Preamble
This question is not about the behavior of (P)RNG and rand()
. It's about using power of two values uniformly distributed against modulo.
Introduction
I knew that one should not use modulo %
to convert a value from a range to another, for example to get a value between 0 and 5 from the rand()
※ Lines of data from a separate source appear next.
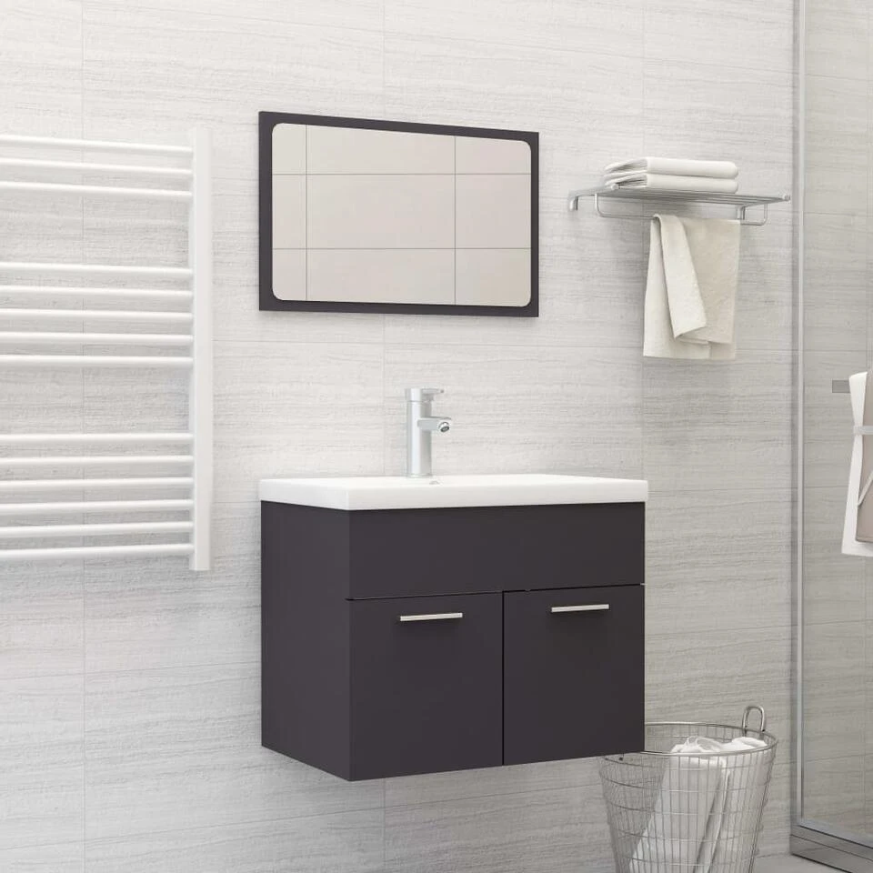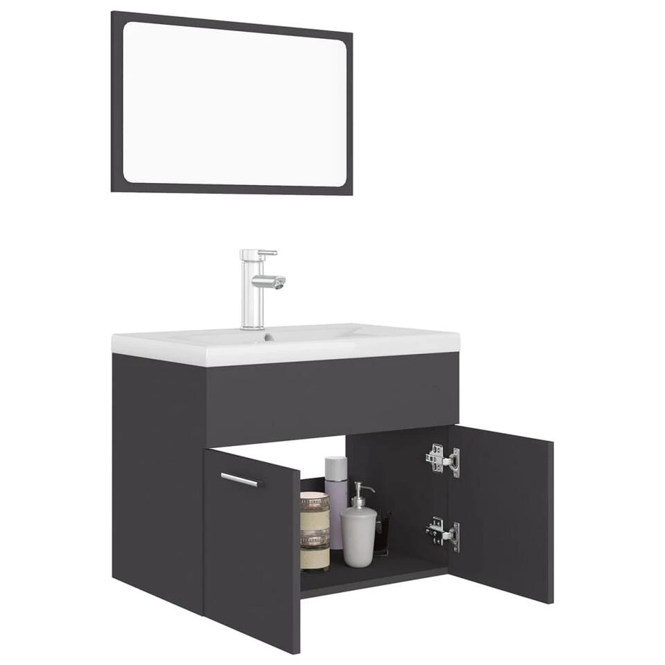Deze trendy badkamermeubelset, bestaande uit een wastafelkast, een inbouwwastafel en een spiegel, past perfect bij je badkamer of wasruimte. Hij heeft een opvallende, opgeruimde uitstraling.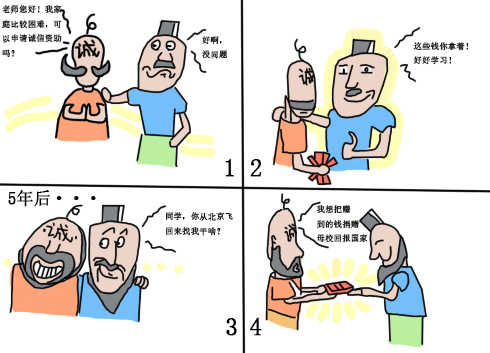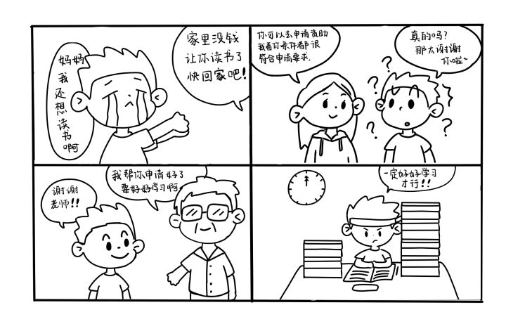 活动伊始,贴在展板上的七幅四格小漫画活泼有趣、生动可爱,吸引了不少同学驻足欣赏。有的画的是曾接受国家资助的学子成长成才后回报母校和国家的感人故事;有的漫画旨在引导同学们诚信申请并使用助学金,不奢侈消费;还有的画讲述的是学生在国家资助下努力学习砥砺奋斗的故事。工作人员邀请同学们为自己喜欢的漫画加盖小印章进行投票。不一会儿,漫画上就盖满了章。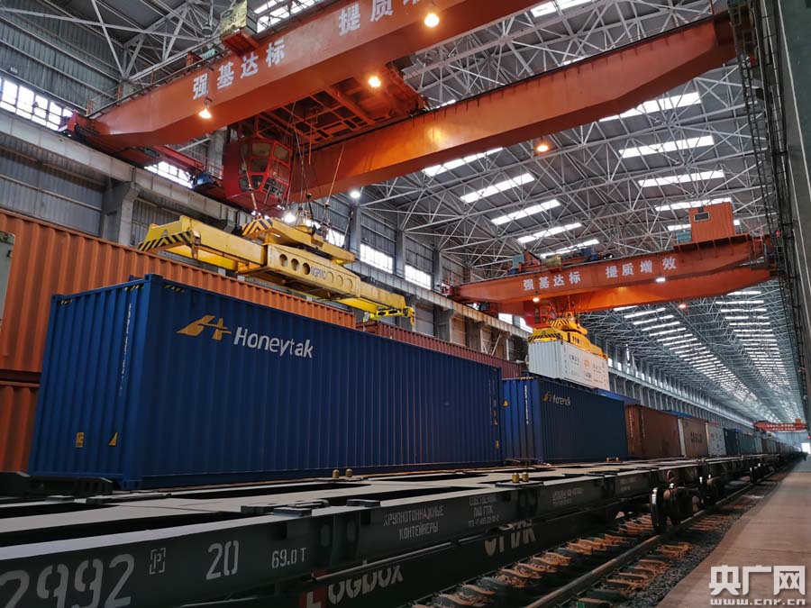 中歐班列搭載跨境電商包裹駛出口岸(央廣網(wǎng)發(fā) 通訊員陳乾 攝)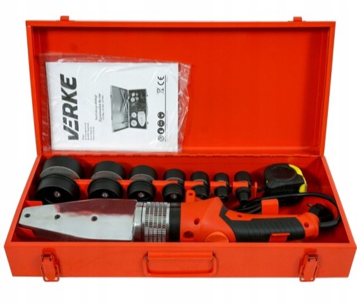 ✔️ W wyposażeniu urządzenia znajdują się aż 7 wymiennych nasadek grzejnych umożliwiając szerokie zastosowanie i które umożliwiają jednoczesne nagrzewanie wewnętrznej i zewnętrznej powierzchni łączonych elementów, oraz inne akcesoria potrzebne do pracy z naszą zgrzewarką.
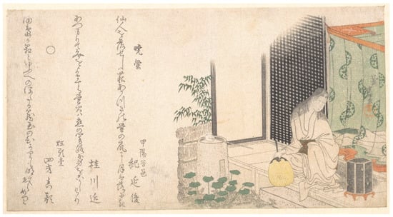 (T41). Cage of Fireflies at Dawn in Summer. ca. 1800. Katsushika Hokusai [Japanese, Tokyo (Edo) 1760–1849]. Woodblock print (surimono); ink and color on paper. The Howard Mansfield Collection, Purchase, Rogers Fund, 1936. Accession Number: JP2577. The Metropolian Museum of Art, New York, NY, USA, www.metmuseum.org (accessed on 4 January 2022). Open access image, CC0.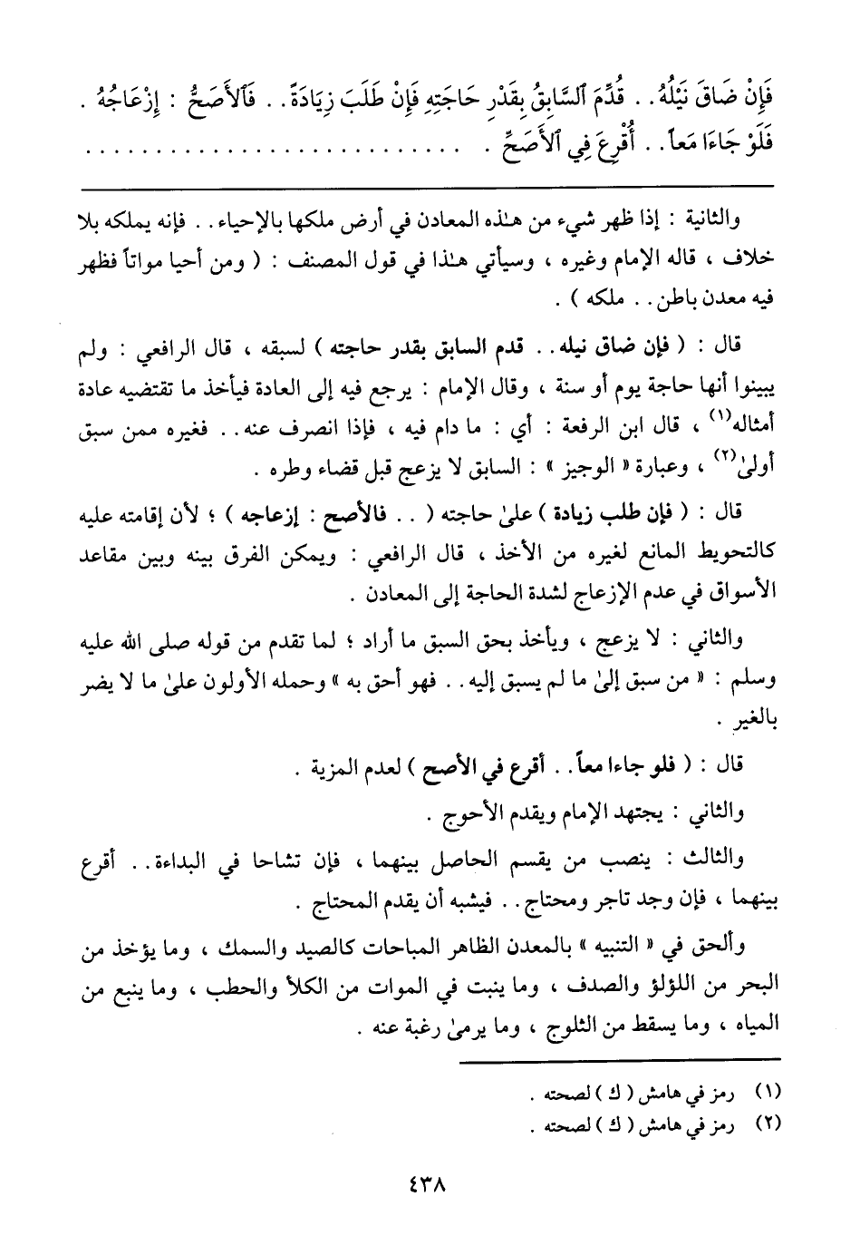 قال: (فإن ضاق نيله .. قدم السابق بقدر حاجته) لسبقه، قال الرافعي: ولم يبينوا أنها حاجة يوم أو سنة، وقال الإمام: يرجع فيه إلى العادة فيأخذ ما تقتضيه عادة أمثاله، قال ابن الرفعة: أي: ما دام فيه، فإذا انصرف عنه .. فغيره ممن سبق أولى، وعبارة (الوجيز): السابق لا يزعج قبل قضاء وطره.

function: there will be a bias. It's explained here https://bitbucket.org/haypo/hasard/src/ebf5870a1a54/doc/common_errors.rst?at=default and in this answer Why do people say there is modulo bias when using a random number generator?
But today after investigating some code which was looking wrong, I've made a tool to demonstrate the behavor of modulo: https://gitorious.org/modulo-test/modulo-test/trees/master and found that's not clear enough.
A dice is only 3 bits
I checked with 6 values in range 0..5. Only 3 bits are needed to code those values.
$ ./modulo-test 10000 6 3
interations = 10000, range = 6, bits = 3 (0x00000007)
[0..7] => [0..5]
theorical occurences 1666.67 probability 0.16666667
[ 0] occurences 2446 probability 0.24460000 ( +46.76%)
[ 1] occurences 2535 probability 0.25350000 ( +52.10%)
[ 2] occurences 1275 probability 0.12750000 ( -23.50%)
[ 3] occurences 1297 probability 0.12970000 ( -22.18%)
[ 4] occurences 1216 probability 0.12160000 ( -27.04%)
[ 5] occurences 1231 probability 0.12310000 ( -26.14%)
minimum occurences 1216.00 probability 0.12160000 ( -27.04%)
maximum occurences 2535.00 probability 0.25350000 ( +52.10%)
mean occurences 1666.67 probability 0.16666667 ( +0.00%)
stddev occurences 639.43 probability 0.06394256 ( 38.37%)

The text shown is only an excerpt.